Spangled Drongos, Willie Wagtails And Much More This May

What a great month for birders on Fraser.  In addition to our resort guests, the Kingfisher Bay team were chuffed to welcome members of the Hervey Bay Bird Watching Club back to gorgeous Fraser Island.

During May, the flush of new plant growth in the Wallum set the stage for some of our most colourful and quirky feathered friends to perform.  Leading our May flock star line-up, was the treetop aerobatics of the elegant Spangled Drongos – they put on quite a show as they feasted amongst our Swamp Mahogany trees.

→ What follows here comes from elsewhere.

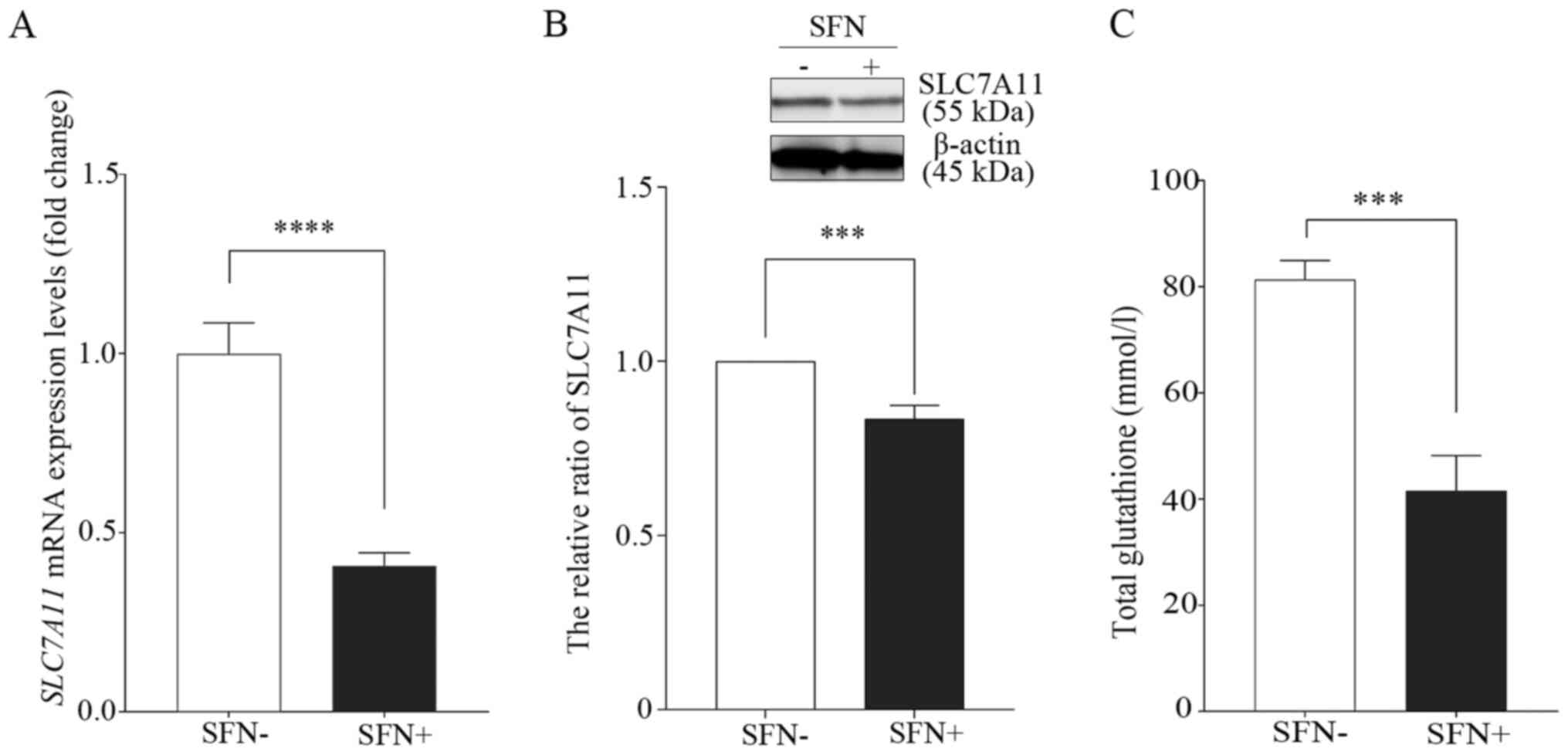 Previous studies have showed that ferroptosis was initiated by the inhibition of system xc-, which leads to a depletion of GSH levels (17,20). RT-qPCR was performed to determine the mRNA expression levels of SLC7A11, a member of system xc-, following treatment of the H69 cell line with SFN (Fig. 3A). The mRNA expression levels of SLC7A11 were 1.00±0.21 in the untreated control cells; however, they were 0.41±0.09 in SFN-treated cells (20 µM, 96 h). Thus, the mRNA expression levels of SLC7A11 were significantly lower in the SFN-treated cells compared with that in the untreated cells. In addition, the protein expression levels of SLC7A11 in the SFN-treated cells were significantly lower compared with that in the untreated control group (Fig. 3B).

Sam the Eagle? No, it's a Noisy Friar Bird.  Pic by A Leishman
These sleek, noisy birds are easily identified by their blood red eyes, glossy black plumage, with iridescent blue-green spots (or spangles) and long forked, fish-like tail.

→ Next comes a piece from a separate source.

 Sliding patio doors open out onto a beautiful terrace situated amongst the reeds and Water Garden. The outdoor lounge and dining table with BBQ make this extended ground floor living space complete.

Our male Scarlet Honeyeaters (they’re a vivid scarlet red and black bird with whitish underparts) didn’t disappoint – amusing us with their clown-like antics in the scrub.

Did you know that both male and female Scarlet Honeyeaters make a ‘chiew chiew’ sounding contact call?

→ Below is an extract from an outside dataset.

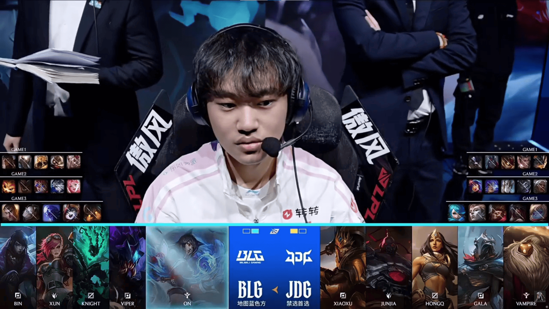 BLG选用:Bin雷克塞、Xun蔚、Knight阿狸、Viper厄斐琉斯、ON锤石
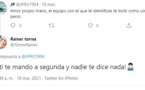 Entre todos los mensajes, algunos hinchas de Alianza Lima le respondieron a Rainer indicando que su salida de la U fue mala,y el exfutbolista también respondió a uno de ellos con el mensaje: “A ti te mandó a segunda”.

Scarlet Honeyeaters feed mainly on nectar and sometimes on fruit and insects and tend to feed in the upper levels of the canopy and forage in flowers and foliage.  Unfortunately, they’re normally evicted from feeding grounds by other more aggressive honeyeasters - like our resident Noisy Friarbirds (see photo above) – who also added their deep, honking call to Fraser Island’s morning May chorus.

Visibility around the lakes has been brilliant and our Azure Kingfishers have been regulars, alongside our resident Dusky Moorhen, which we saw gliding in the more reclusive wetland pockets. One of our winter tourists, the Grey Fantail, has also been keeping watch on resort happenings, seen often in the company of the more domestic Willie Wagtail in and around the resort’s Sand Bar bistro.

Beach side, we’ve seen some impressive aerial action with the reappearance of paired behaviour from our Brahminy Kites. These medium-sized raptors usually search for prey from around 20 to 50 metres above the water, before executing steep dives to catch their meal. Talk about extreme fishing!